Лучше всего это выразила Ивонн Райнер, назвав свою основополагающую хореографическую работу Разум – это мускул
, хотя верно и обратное. Танцоры часто говорят в этом духе о телесной памяти или об интеллекте различных частей тела. Таким образом, цель ума не в том, чтобы диктовать телу, что ему следует делать в соответствии с каким-то холодным, рациональным планом, а в том, чтобы ясно понять это тело. Это не вопрос подчинения сверху вниз, а вопрос самоограничения. Нет ничего менее свободного, чем недисциплинированное тело, которое движется импульсивно. Пассивный человек может стать активным и, следовательно, свободным, подобно тому как ребенок, который занимается балетом с раннего возраста, после долгих лет напряженной работы и при некоторой толике удачи – танцевать на Нью-Йоркской сцене. «Все прекрасное, – пишет Спиноза в конце своей Этики, – так же трудно, как оно редко»[599].Таким образом, Этику
можно рассматривать как учебное пособие для современных танцоров. «Кинетика, – как было провозглашено недавно, – это этика современности»[600]. В то время как классический балет всё еще приносит в жертву тела танцоров посредством изнурительных тренировок, заставляющих их делать вещи, противоречащие их собственной природе, современная хореография скорее склонна встать на сторону Спинозы, считающего абсурдом следовать идее, которая отрицает, разрушает или деформирует тело, хотя боль в любом случае неизбежна.

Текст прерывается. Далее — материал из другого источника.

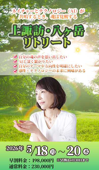八ヶ岳の自然と一体化し、心が浄化され、地球と繋がることで大いなる愛に包まれていると再確認した貴重な体験でした。

Современный танцор может лучше любого современного философа выявить силу этической мысли Спинозы. Наблюдать за труппой одаренных танцоров – одна из лучших возможностей стать свидетелями реализации идей Спинозы о блаженстве в повседневной жизни.Но что именно мы наблюдаем? Ответ на извечный вопрос, что же означает то или иное танцевальное произведение, как правило, заключается в изначально неверной постановке. С тех пор как Каннингем перестал рассматривать танец как мимесис, сведя его к «движению как таковому, без внешних отсылок»[601]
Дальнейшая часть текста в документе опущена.